Return, exactly and in full, the lines of the records below starting at the one with "Nếu anh em đang" and ending at the one with "2 Annas 1862; 1/4 Rupee 1862. (2)", and no other lines.

==== MATERIAL SUPPLIED ====

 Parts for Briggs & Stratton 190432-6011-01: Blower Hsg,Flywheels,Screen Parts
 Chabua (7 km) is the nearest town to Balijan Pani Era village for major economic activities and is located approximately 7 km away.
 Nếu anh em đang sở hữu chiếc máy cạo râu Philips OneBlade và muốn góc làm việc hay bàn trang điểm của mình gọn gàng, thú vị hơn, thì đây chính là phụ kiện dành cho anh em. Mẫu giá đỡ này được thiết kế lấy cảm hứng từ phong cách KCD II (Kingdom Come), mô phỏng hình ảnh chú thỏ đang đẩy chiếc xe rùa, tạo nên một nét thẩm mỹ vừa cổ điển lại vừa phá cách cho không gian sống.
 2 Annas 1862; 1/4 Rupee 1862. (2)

====
==== MATERIAL SUPPLIED ====

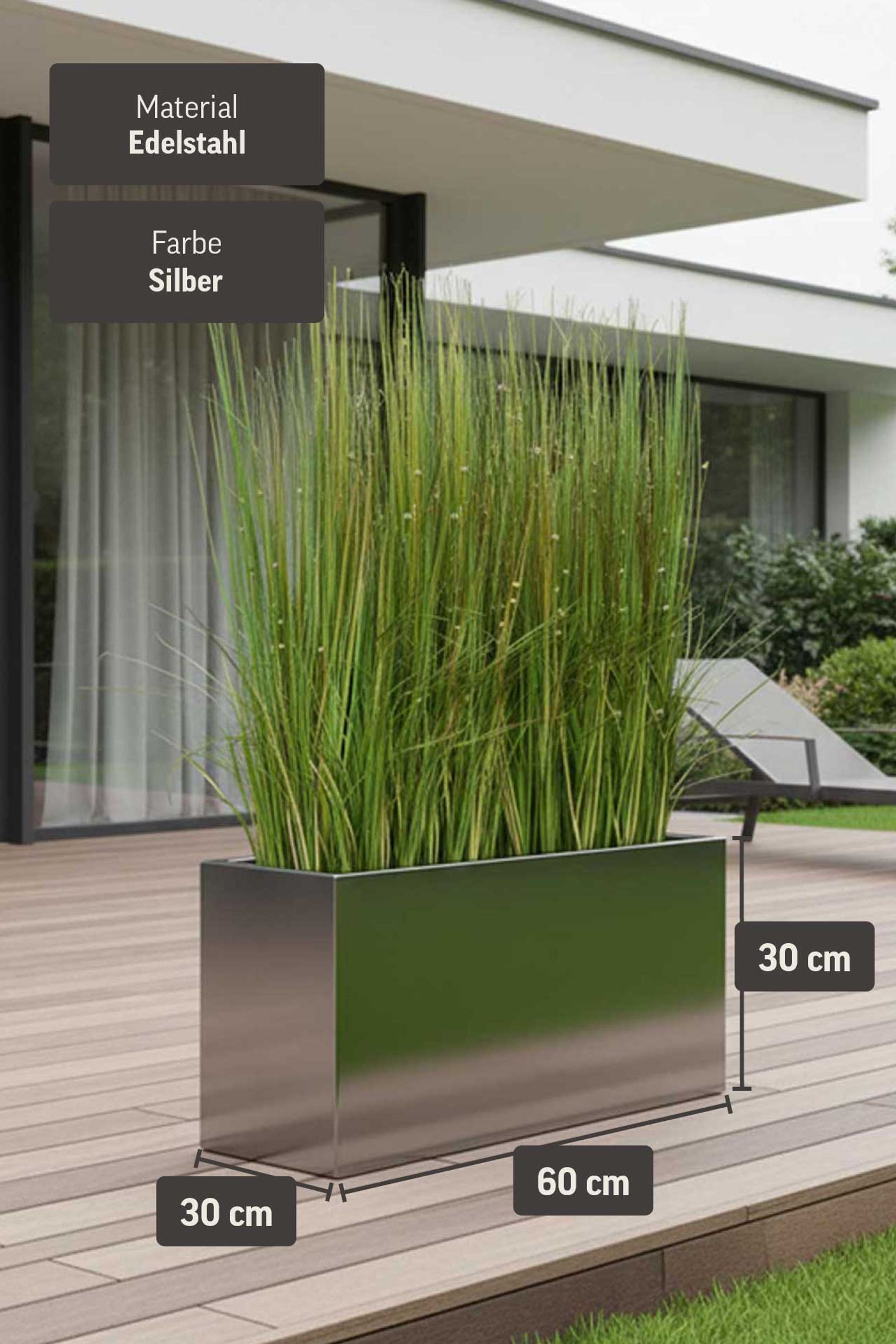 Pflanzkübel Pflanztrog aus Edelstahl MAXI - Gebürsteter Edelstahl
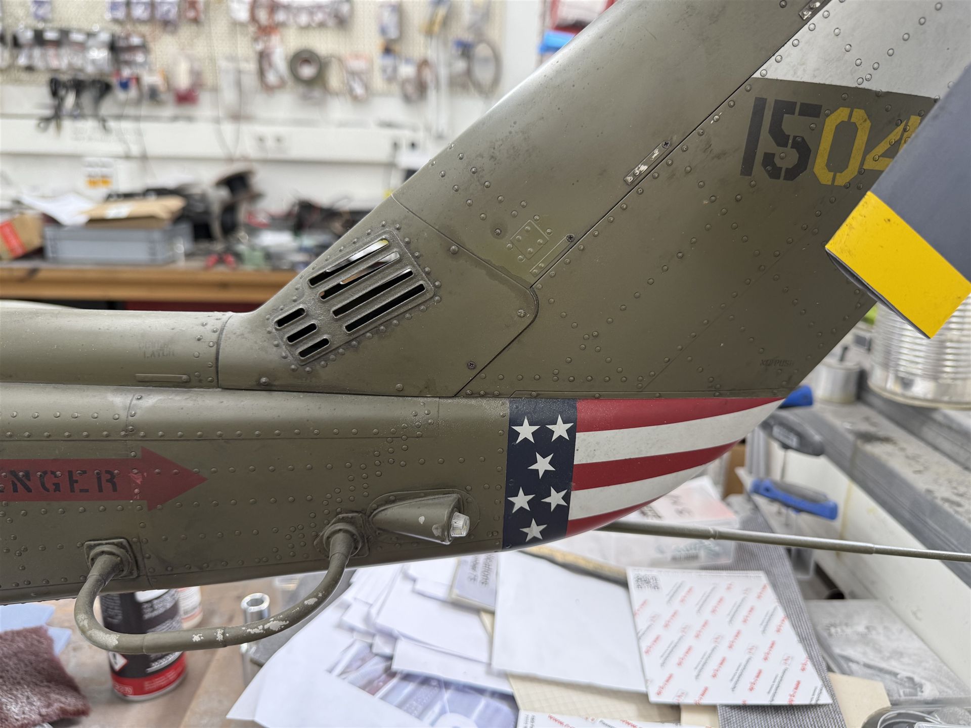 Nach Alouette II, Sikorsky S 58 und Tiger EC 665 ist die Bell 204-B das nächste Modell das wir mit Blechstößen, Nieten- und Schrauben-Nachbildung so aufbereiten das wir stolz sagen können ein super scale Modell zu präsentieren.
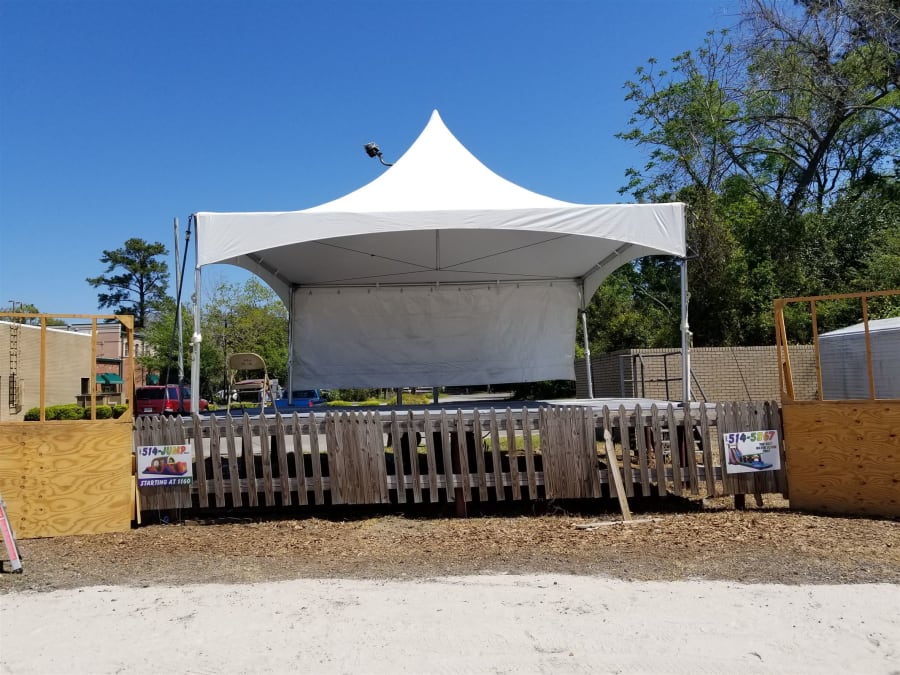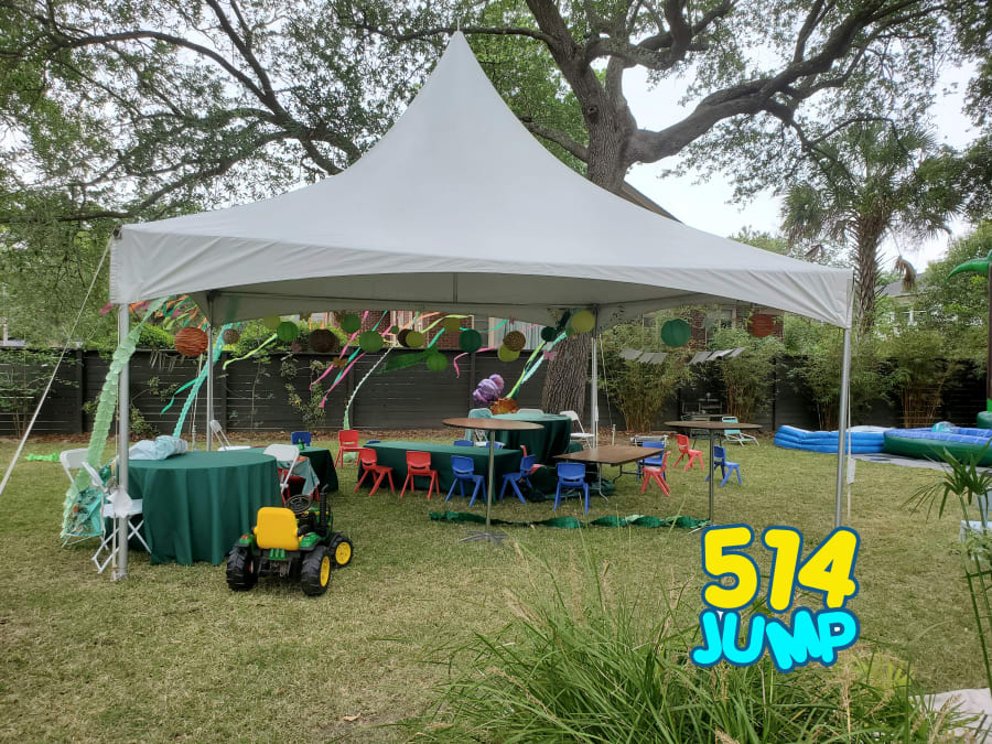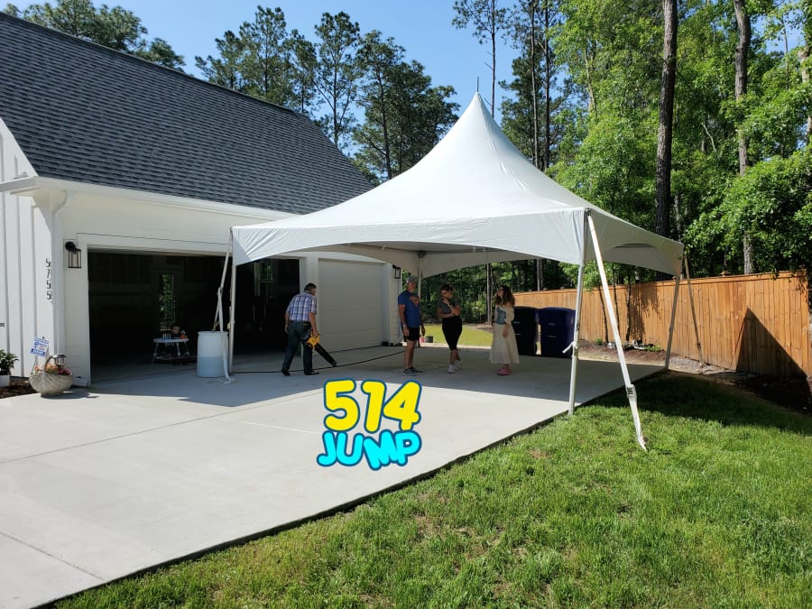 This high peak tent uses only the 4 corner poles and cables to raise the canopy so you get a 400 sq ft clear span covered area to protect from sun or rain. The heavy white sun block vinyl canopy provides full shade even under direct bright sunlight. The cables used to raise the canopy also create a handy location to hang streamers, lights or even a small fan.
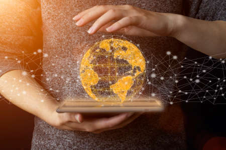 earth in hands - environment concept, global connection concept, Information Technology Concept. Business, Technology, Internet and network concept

====

## SOLUTION FOR THIS PROBLEM
 Nếu anh em đang sở hữu chiếc máy cạo râu Philips OneBlade và muốn góc làm việc hay bàn trang điểm của mình gọn gàng, thú vị hơn, thì đây chính là phụ kiện dành cho anh em. Mẫu giá đỡ này được thiết kế lấy cảm hứng từ phong cách KCD II (Kingdom Come), mô phỏng hình ảnh chú thỏ đang đẩy chiếc xe rùa, tạo nên một nét thẩm mỹ vừa cổ điển lại vừa phá cách cho không gian sống.
 2 Annas 1862; 1/4 Rupee 1862. (2)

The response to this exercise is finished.